I fear I don't understand. If the coordinator is "dead", how can everything continue as usual? Aren't all the connections dead? It did not send heartbeats. How does the CONNECT message from a Component come into play here? Also, if a Coordinator dies, we are in deep shit already, anyway, no? :D

I did not think about that, as I thought, that humans give the names, but that is an idea.

Thanks. Sure humans can do that, but thinking of pymeasure, people also leave their instrument names alone most of the time, and it will be nice if we automatically disambiguate.

No. The leading period is not necessary, we could decide to drop it altogether. For the data protocol (topic filtering) we should use the full name.

:+1:

I would not put the burden of checking for an answer onto the Coordinator, as it does not know, whether an answer is required.

Elsewhere we talked about that a message always requires a reply (even if it is null) - I thought that to be the original purpose of the ACK - a reply in case no data/content is expected.

bilderbuchi commented 1 year ago

oh man, multi-parallel processing of discussion points :sweat: time for dinner soon :grin:

BenediktBurger commented 1 year ago

I fear I don't understand. If the coordinator is "dead", how can everything continue as usual?

If a Coordinator is restarted (due to being an OS service etc.), all the Components reconnect automatically (in Zmq), without knowing, that they reconnected. Due to constant heartbeats, the Connector rebuilds its address book fast and can route messages easily. Maybe a few messages will get rejected, but not all.

If we require a new "connect" message, all Components have to take an action.

bilderbuchi commented 1 year ago

If a Coordinator is restarted (due to being an OS service etc.), all the Components reconnect automatically (in Zmq), without knowing, that they reconnected. Due to constant heartbeats, the Connector rebuilds its address book fast and can route messages easily. Maybe a few messages will get rejected, but not all.

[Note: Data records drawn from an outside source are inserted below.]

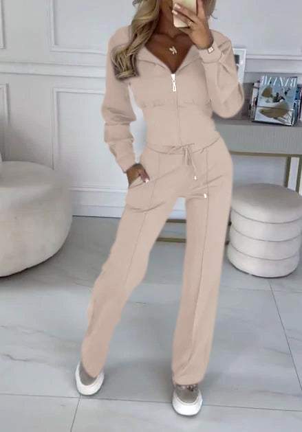 Women's Hooded Long-sleeved Casual Waist-hugging Suit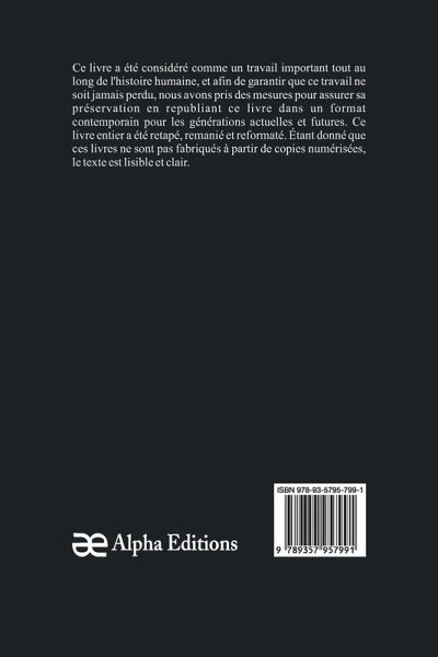 Clovis, Tome 1, un livre classique, a été considéré comme important tout au long de l'histoire de l'humanité, et pour que cet ouvrage ne soit jamais oublié, chez Alpha Editions, nous avons fait des efforts pour sa préservation en rééditant ce livre dans un format moderne pour les générations présentes et futures. Tout ce livre a été reformaté, retapé et conçu. Ces livres ne sont pas constitués de copies numérisées de leur ¿uvre originale et le texte est donc clair et lisible.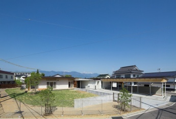 景観として特に配慮した点は、起伏のある芝生の丘やシンボルツリー(ソヨゴ株立ち)を配置し、住宅街において緑あふれる憩いの場を創出したこと、保育棟の外観を軒裏のサワラ板、木製デッキ、火山灰で塗られた外壁、木製建具などの自然素材をふんだんに用いたこと、保育棟を平屋にして北アルプスを臨む風景と合致させたことなどが挙げられます。
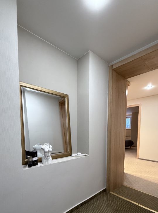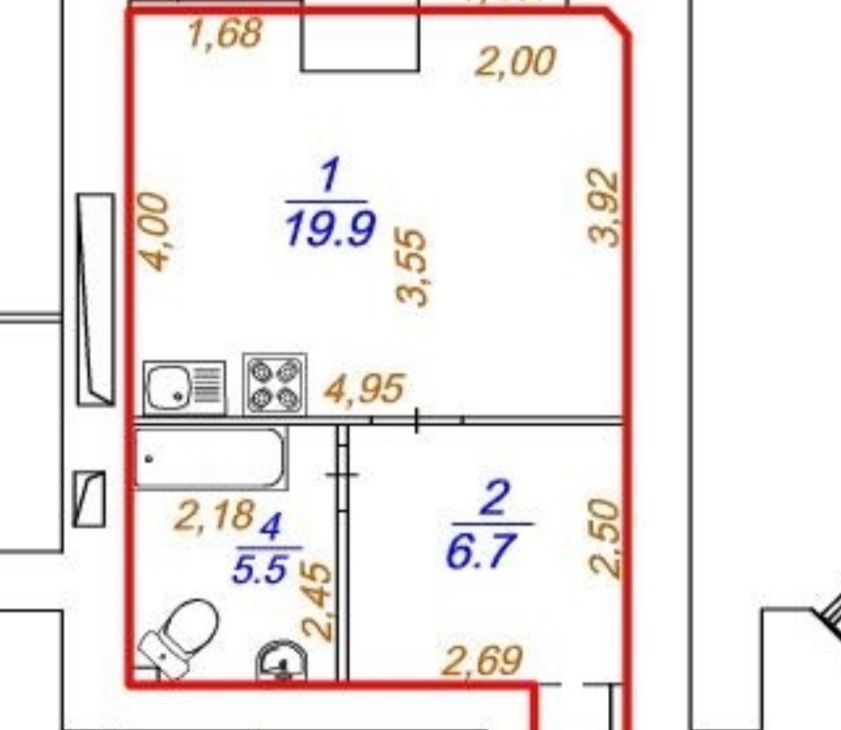 - 35 м2 (большая кухня - гостиная с эркерным окном, большой с/у, два коридора - один при входе, для верхней одежды и обуви, далее гардеробного типа с купейным шкафом)

If we require a new "connect" message, all Components have to take an action.

OK, I think we are maybe talking about two different "connect" events. You are talking (afaict) about the zmq connection, which automatically gets reconnected. I was talking about exchanging the necessary info for a Component to interoperate with a Coordinator in LECO -- the address book, avro schemas, the Node's namespace, handshake stuff, whatever might come later.

If the Component does not even realise that the connection was gone for a while, indeed, why would it need a new CONNECT? However, at the first time it connects (also after it restarts), it needs some info (currently, mainly the address book and avro handshake), and that I would like to handle in a separate message exchange, not interspersed with regular control messages.